Se sentó en la cama. Las mujeres aún tardarían en reunirse. Finalmente había llegado el momento. Bajó la escalera y se detuvo junto a una cortina entreabierta que, por las noches, colgaba en el acceso al jardín interior.

Las mujeres conversaban sentadas como de costumbre cuando ella hizo su aparición al otro lado de la cortina. Enmudecieron en el acto. Ana advirtió que algunas de ellas no la reconocieron de inmediato. Pero sí, era ella, y lo que esperaba conseguir se había cumplido. Ninguna de las mujeres hizo el menor comentario. Ninguna se echó a reír ni alabó su indumentaria. «No se atreven», concluyó para sí. «Aunque haya cambiado de aspecto por completo, sigo siendo ante todo la mujer blanca de siempre, nada más».

Dio un paso al frente desde la cortina.

Zé estaba sentado al piano tocando una única tecla de las más graves.

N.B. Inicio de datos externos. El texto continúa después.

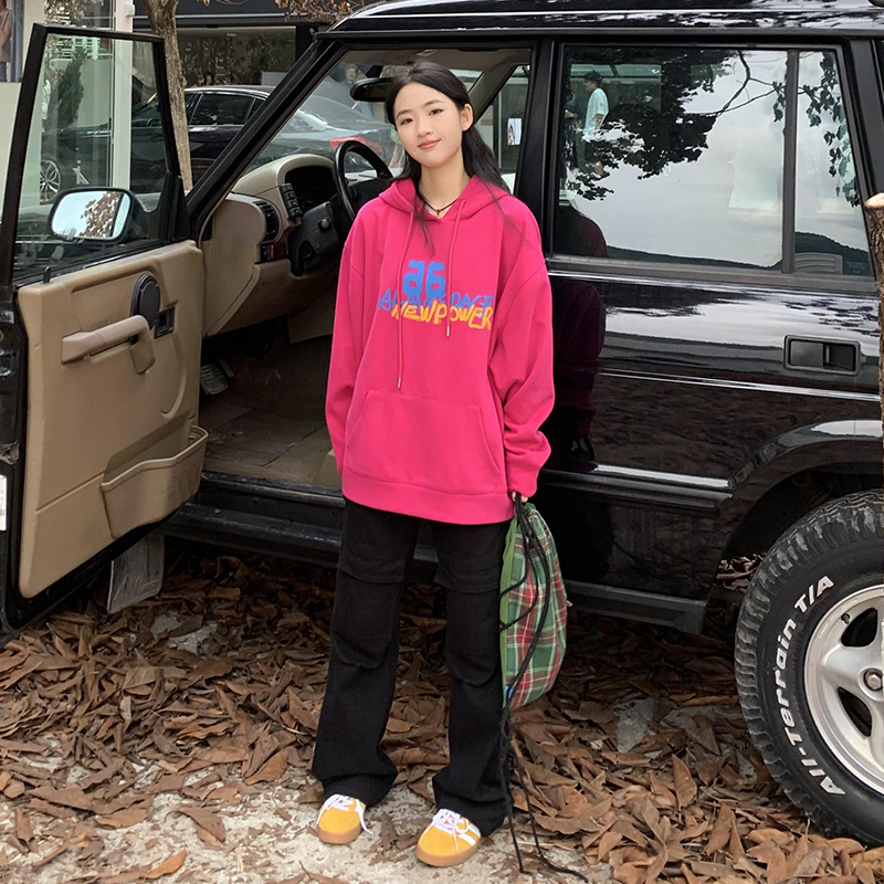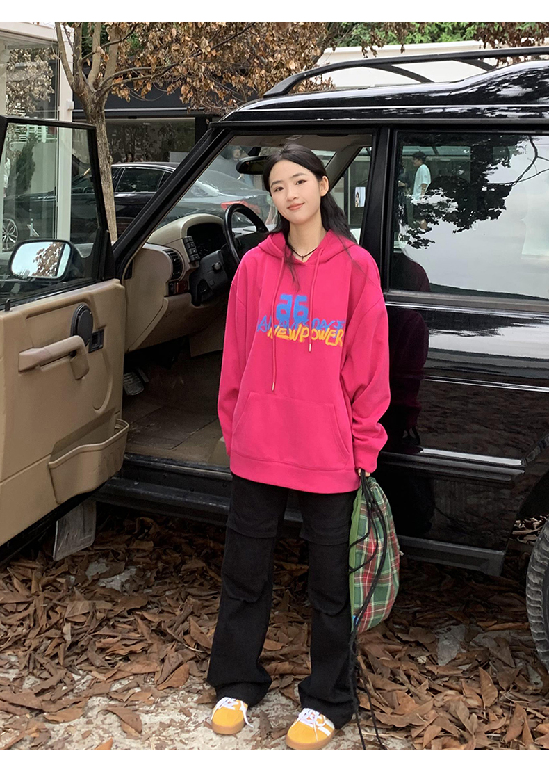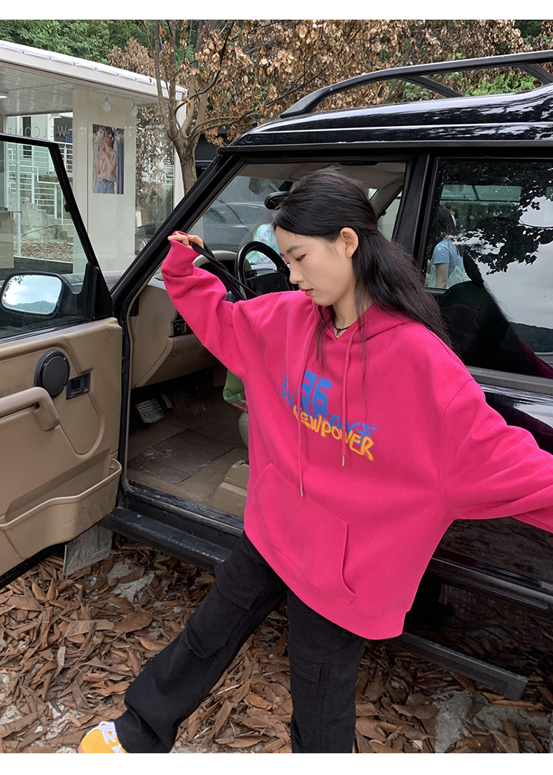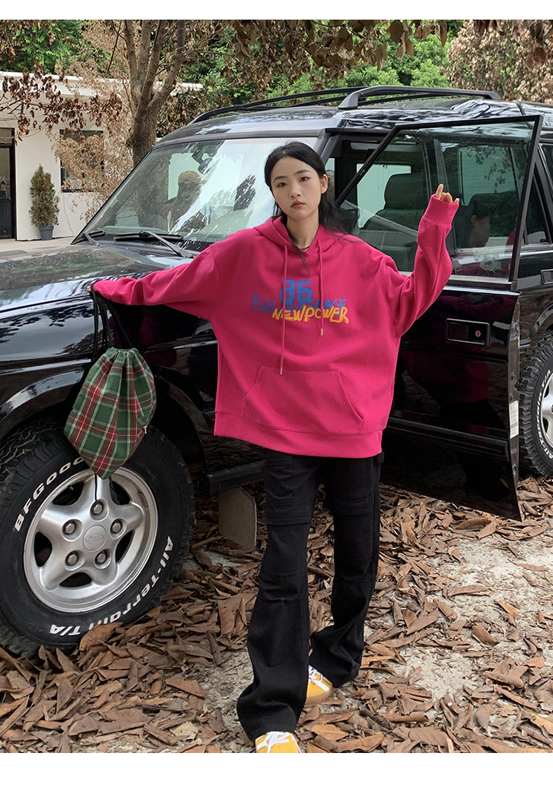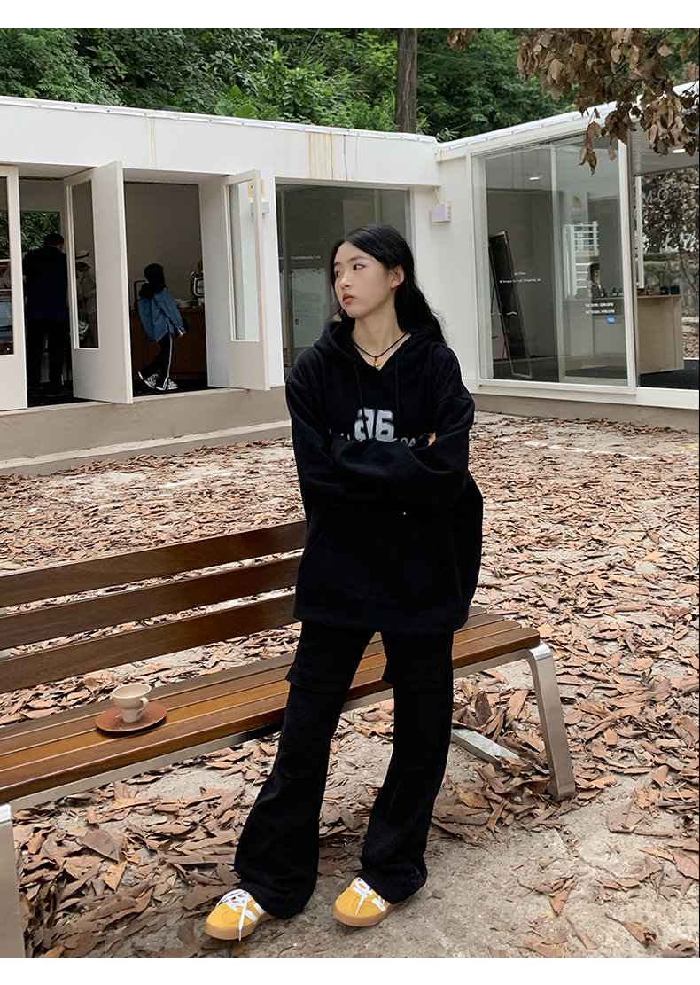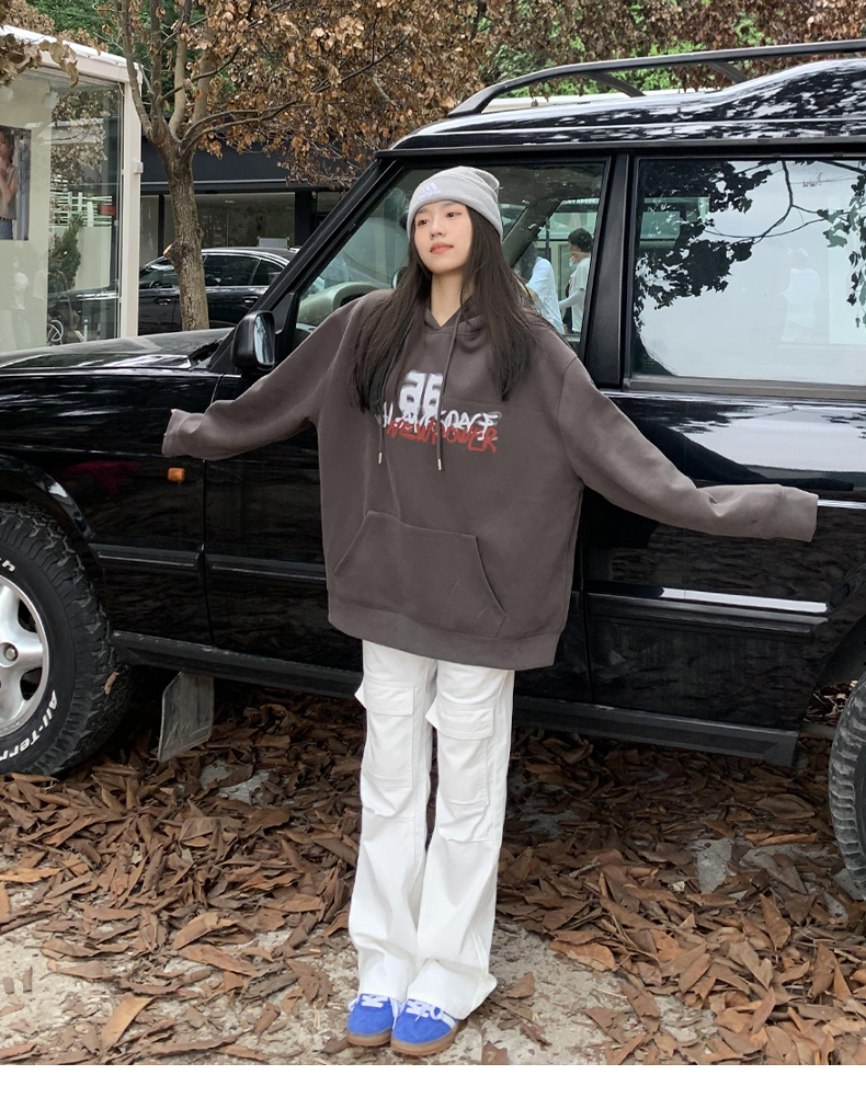 橘子樹在哪兒中性風男女同款連帽運動衫春秋寬鬆深灰色字母印花帽衫

Los vigilantes habían cumplido su misión de impedir el acceso a nuevos clientes. Un par de marineros de un ballenero noruego, malhumorados y medio borrachos, se alejaron tambaleándose por una de las calles perpendiculares, donde encontrarían otro burdel.

—¿Queda algún cliente? —preguntó Ana a Felicia.

—Dos que están durmiendo. No hay forma de que se despierten.

—¿No les habrás administrado alguna de tus medicinas mágicas?

Felicia sonrió, pero no respondió a la pregunta.

Y llegó Picard. Dispuso la gran cámara, la cubrió con la tela negra y recolocó los muebles a fin de que cupieran todos.

Ana decidió empezar por la fotografía de grupo. En el mejor de los casos, crearía en la habitación un ambiente que le facilitara la tarea de decir todo lo que tenía que decir.

—Vamos a hacernos una fotografía —dijo dando una palmada—. Tiene que posar todo el mundo, también Zé y los vigilantes. Y Carlos, por supuesto.

Estalló una súbita animación general mientras Picard les iba indicando dónde debían colocarse. Las mujeres soltaban risitas y se prestaban el peine o un espejito y se alisaban la ropa que, de todos modos, no les cubría gran parte del cuerpo. Por fin, todo el mundo estaba en su sitio, con Ana en el centro, sentada en un sillón. Carlos se había subido a un pedestal sobre el que normalmente descansaba un macetero.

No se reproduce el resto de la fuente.